心理的安全性は、2012年にGoogle社が実施したプロジェクトアリストテレスで大きな役割を果たしました。プロジェクトアリストテレスとは、生産性を向上するカギを、同社内のチームを観察および分析して見つけだす、という取り組みのことです。

人材を固定配置せずに業務ごとのチームを組むというスタイルから、同社は当初、チームワークやチーム内のルールが業務を成功に導くのではないか、と仮説を立てました。
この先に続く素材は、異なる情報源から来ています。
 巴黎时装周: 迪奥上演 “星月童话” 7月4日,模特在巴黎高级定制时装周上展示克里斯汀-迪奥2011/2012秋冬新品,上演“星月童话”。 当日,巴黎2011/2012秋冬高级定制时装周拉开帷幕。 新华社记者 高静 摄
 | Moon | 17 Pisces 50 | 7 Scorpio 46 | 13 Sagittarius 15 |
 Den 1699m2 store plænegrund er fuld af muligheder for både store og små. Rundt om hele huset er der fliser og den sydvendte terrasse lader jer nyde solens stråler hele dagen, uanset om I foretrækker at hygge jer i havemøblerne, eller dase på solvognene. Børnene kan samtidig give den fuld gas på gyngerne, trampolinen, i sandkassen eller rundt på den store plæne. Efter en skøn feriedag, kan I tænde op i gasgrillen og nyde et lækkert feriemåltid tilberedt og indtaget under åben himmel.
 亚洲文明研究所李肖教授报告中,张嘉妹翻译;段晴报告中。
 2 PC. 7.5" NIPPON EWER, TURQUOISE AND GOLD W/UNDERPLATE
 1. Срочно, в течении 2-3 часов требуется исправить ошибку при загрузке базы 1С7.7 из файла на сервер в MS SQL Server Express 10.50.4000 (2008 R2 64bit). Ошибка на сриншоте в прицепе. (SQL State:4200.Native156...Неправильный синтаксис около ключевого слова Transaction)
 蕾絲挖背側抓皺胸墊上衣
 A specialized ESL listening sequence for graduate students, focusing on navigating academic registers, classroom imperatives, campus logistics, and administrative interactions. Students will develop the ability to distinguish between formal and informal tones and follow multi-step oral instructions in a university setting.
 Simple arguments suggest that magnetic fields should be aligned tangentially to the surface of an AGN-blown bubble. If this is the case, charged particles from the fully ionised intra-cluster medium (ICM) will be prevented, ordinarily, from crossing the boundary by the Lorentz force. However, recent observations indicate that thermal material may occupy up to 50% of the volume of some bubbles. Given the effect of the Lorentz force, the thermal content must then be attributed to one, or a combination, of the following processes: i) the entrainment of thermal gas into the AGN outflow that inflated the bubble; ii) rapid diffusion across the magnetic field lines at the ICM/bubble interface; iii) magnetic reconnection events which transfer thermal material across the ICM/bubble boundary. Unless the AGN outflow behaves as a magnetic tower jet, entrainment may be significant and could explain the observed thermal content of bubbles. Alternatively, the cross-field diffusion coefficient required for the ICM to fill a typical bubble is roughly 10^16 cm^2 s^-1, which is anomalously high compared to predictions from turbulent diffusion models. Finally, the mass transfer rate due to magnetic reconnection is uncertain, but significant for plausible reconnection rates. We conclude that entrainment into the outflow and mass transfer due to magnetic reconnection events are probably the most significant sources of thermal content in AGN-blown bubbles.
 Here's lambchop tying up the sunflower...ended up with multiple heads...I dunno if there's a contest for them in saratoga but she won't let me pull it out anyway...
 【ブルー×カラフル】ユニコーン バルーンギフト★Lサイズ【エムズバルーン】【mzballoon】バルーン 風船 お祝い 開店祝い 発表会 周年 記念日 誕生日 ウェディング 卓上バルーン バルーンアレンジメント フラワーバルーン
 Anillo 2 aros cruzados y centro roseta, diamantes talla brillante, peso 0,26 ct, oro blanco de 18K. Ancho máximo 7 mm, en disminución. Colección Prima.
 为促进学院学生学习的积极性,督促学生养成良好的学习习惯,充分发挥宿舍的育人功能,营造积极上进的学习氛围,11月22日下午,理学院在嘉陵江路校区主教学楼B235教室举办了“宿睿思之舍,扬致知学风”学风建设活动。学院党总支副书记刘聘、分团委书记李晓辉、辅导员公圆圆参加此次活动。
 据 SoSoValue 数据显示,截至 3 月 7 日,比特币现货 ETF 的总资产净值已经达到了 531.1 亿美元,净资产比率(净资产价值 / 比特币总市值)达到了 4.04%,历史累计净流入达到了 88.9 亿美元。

しかし、検証するとそれらの仮設はどれも正解ではなかったのです。検証を試行錯誤した末に、最後に分かったことが、「心理的安全性」でした。開かれた雰囲気で取り組んでいたチーム、つまり心理的安全性が保たれたチームが成功していたのです。

心理的安全性と責任のつながり

心理的安全性によって開かれた雰囲気が生じると、さまざまな報告が活発に行われます。しかしその際、ミスの報告もしやすくなるため、労働者の責任感がなくなるのではという考えもありました。しかし、それに対し、経営学者Edmondson教授は、心理的安全性と責任は別の指標であり、責任感との相関関係はない、と答えています。

教授は心理的安全性と責任の量について下記のように分類しています。

  • 心理的安全性も責任も少なければ、「無関心」
  • 心理的安全性が高く責任が少なければ「気持ちよい」
  • 心理的安全性が低く責任が高いと「不安」

教授は、チームのマネジメントにおいて注意すべきは、心理的安全性も責任も高い状態で、高いパフォーマンスを発揮できる環境を作ることです。自社でどのように実現させるか、しっかりと対策を立てましょう。